Static Public Attributes

static const size_t DEFAULT_BLOCK_SIZE = 0
 Default size for block buffering. More...
 

Classes

class  Iterator
 Internal iterator over the data. More...
 

Constructor & Destructor Documentation

◆ GenericInputStream() [1/6]

GenericInputStream ( )
default

◆ GenericInputStream() [2/6]

GenericInputStream ( std::function< bool(value_type &)>  get_element,
std::shared_ptr< utils::ThreadPool thread_pool = nullptr,
size_t  block_size = DEFAULT_BLOCK_SIZE 
)
inline

Create an iterator over some underlying content.

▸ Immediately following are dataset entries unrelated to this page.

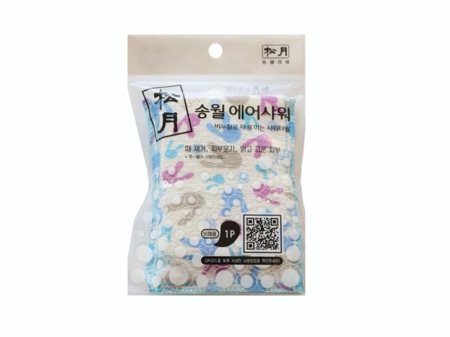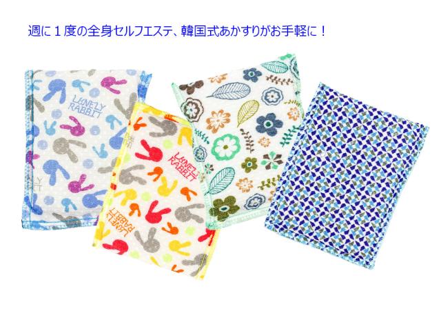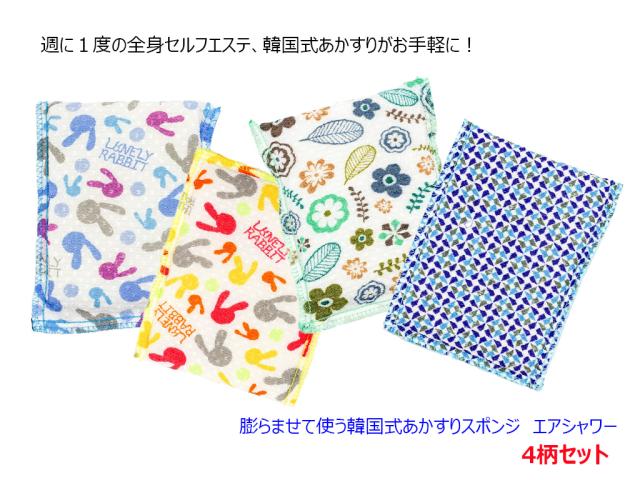 韓国式あかすり セルフエステ やわらかめ生地 スポンジ 「膨らませて使う韓国式あかすりスポンジ エアシャワー 4柄セット」
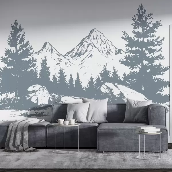 Fotomurales Los Alpes, montañas con bosque, dibujo lineal, color gris Nr. w03342v2
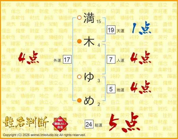 満木ゆめさんの外運は17画の4点!
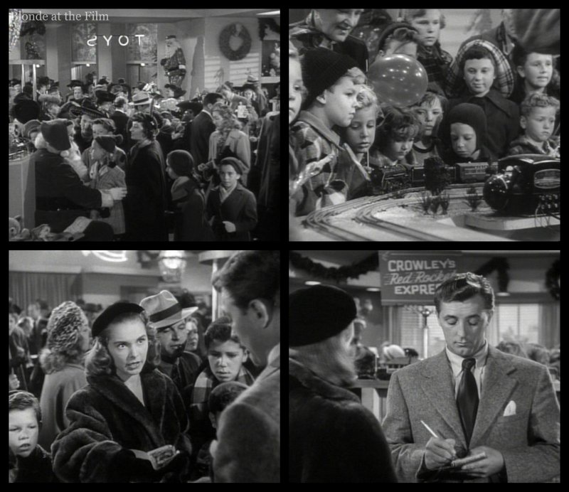 A salesman named Steve Mason (Robert Mitchum) is the conductor of this corner of Crowley’s Department Store. He’s good at selling “Crowley’s Red Rocket Express,” but he’s still surprised when Connie Ennis (Janet Leigh) asks to buy the train without asking a single question or listening to his sales pitch. She even has the correct amount of cash, including the tax, ready to go.
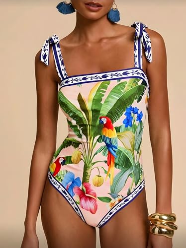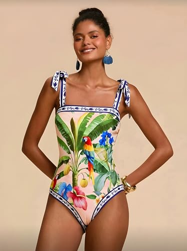Generic - SHEIN F-I Swimsuit,Travachic 1pc Women's Parrot Print One-Piece Swimsuit For Beach Vacation Tropical Swimsuit Summer Bathing Suits Bathing, Beach Outfits, مايوه حريمى
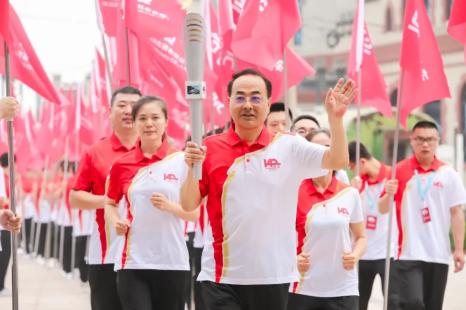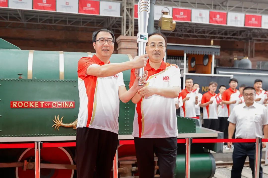 孙永才高举火炬,在全国劳动模范张雪松、张健,全国五一巾帼标兵孙斌斌、刘莉莉等护跑队员的跟随下,从主席台“1881年”起点出发,沿着中国中车成长发展的年代“轨迹”,奔向中国火箭号机车模型前的“2021年”交接点,把火炬传递给周军年。

The constructor expects the function that takes an element by reference to assign it its new value at each iteration, and returns true if there was an element (iteration still ongoing), or false once the end of the underlying iterator is reached.

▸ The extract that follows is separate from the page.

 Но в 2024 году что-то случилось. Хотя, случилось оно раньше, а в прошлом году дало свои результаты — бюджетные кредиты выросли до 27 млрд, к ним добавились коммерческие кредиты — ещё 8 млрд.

Definition at line 790 of file generic_input_stream.hpp.

◆ GenericInputStream() [3/6]

GenericInputStream ( std::function< bool(value_type &)>  get_element,
Data const &  data,
std::shared_ptr< utils::ThreadPool thread_pool = nullptr,
size_t  block_size = DEFAULT_BLOCK_SIZE 
)
inline

Create an iterator over some underlying content.

The constructor expects the function that takes an element by reference to assign it its new value at each iteration, and returns true if there was an element (iteration still ongoing), or false once the end of the underlying iterator is reached.

Additionally, data can be given here, which we simply store and make accessible via data(). This is a convenience so that iterators generated via a make function can for example forward their input source name for user output.

Definition at line 811 of file generic_input_stream.hpp.

◆ GenericInputStream() [4/6]

GenericInputStream ( std::function< bool(value_type &)>  get_element,
Data &&  data,
std::shared_ptr< utils::ThreadPool thread_pool = nullptr,
size_t  block_size = DEFAULT_BLOCK_SIZE 
)
inline

Create an iterator over some underlying content.

The constructor expects the function that takes an element by reference to assign it its new value at each iteration, and returns true if there was an element (iteration still ongoing), or false once the end of the underlying iterator is reached.

Additionally, data can be given here, which we simply store and make accessible via data(). This is a convenience so that iterators generated via a make function can for example forward their input source name for user output.

This version of the constructor takes the data by r-value reference, for moving it.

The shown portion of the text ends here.